Waves we couldn’t find
We travelled the coast south, from one Brazilian town to another. After the inspiring events at Ilha do Mel, not only she wanted to get into the water, I also wondered about a board to ride. Our minds shifted from ‘let’s see what we can get in this town’ to ‘let’s go to the beach to see the waves’. This is a huge step, a step in a surfer life, I thought.
From these days we never rested to hasten to the water front. Sometimes it was pure disappointment, a flat sea, a nothing, a fart of the sea birds. This is the Atlantic Ocean, I argued, how can this be? We wondered, and didn’t understand anything.
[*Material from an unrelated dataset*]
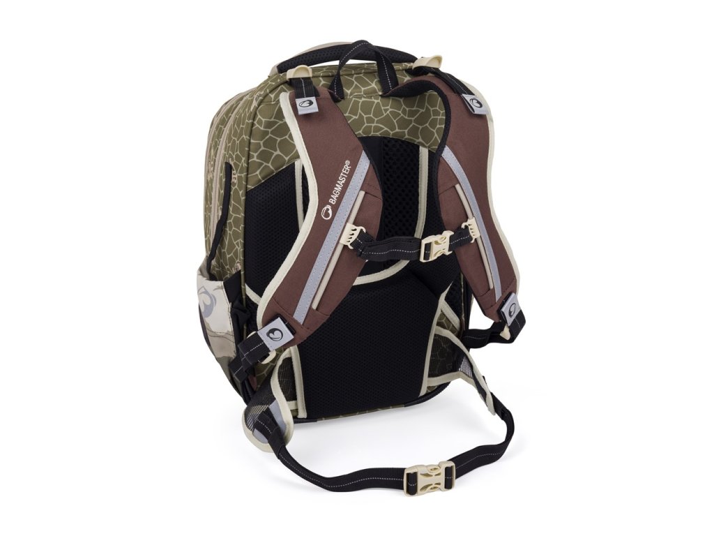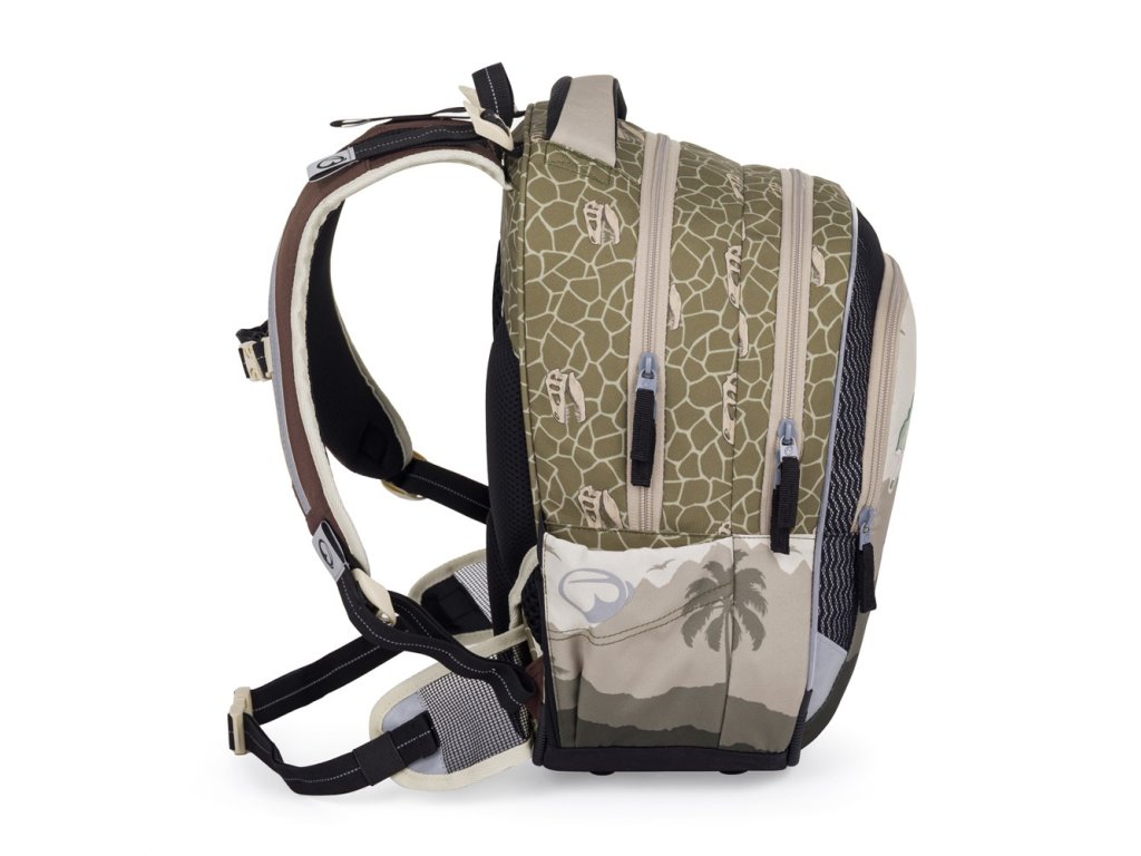 - Lehký a vyjímatelný bederní pás je vyrobený z prodyšné síťoviny. Školák se pod ním nepotí, ani mu bederák nevytváří kolem těla „pneumatiku“. Navíc je opatřený reflexními prvky. Díky bedernímu pásu se váha batohu rozloží z ramenou také na bedra.

Frustration grew as we continued our journey and still never made it into the waves. Is this destiny? Are we looking at the wrong spots? Or just bad luck? No. We needed some patience, and when we reached the Urguayan border at Chuy, the sea was a beast. Big waves crashed one into an other, grumbling, cracking in a wild scene and strong winds. They grew in a second to 2 meter height, smashing all their volume right immediately and vertically into the struck sand.
The scene was so impressive that we forgot about surfing completely. We took a sheltered seat in the dunes and followed the spectacle. It was a secure place in a bizzare and somehow brutal show, and for us a surf would have been a suizide mission. Instead we left the place after an hour and headed back to the bus stop. On the way we discovered our favourite restaurant for the next days and ordered a typical plate of milanesa, for 2 bucs. That was just fair for the day and we returned despite the wild sea for several days to the beach.
Our journey continued, and the day would come when we both can hire our first surf boards for more than standing at the beach. We entered now Uruguay with big hopes.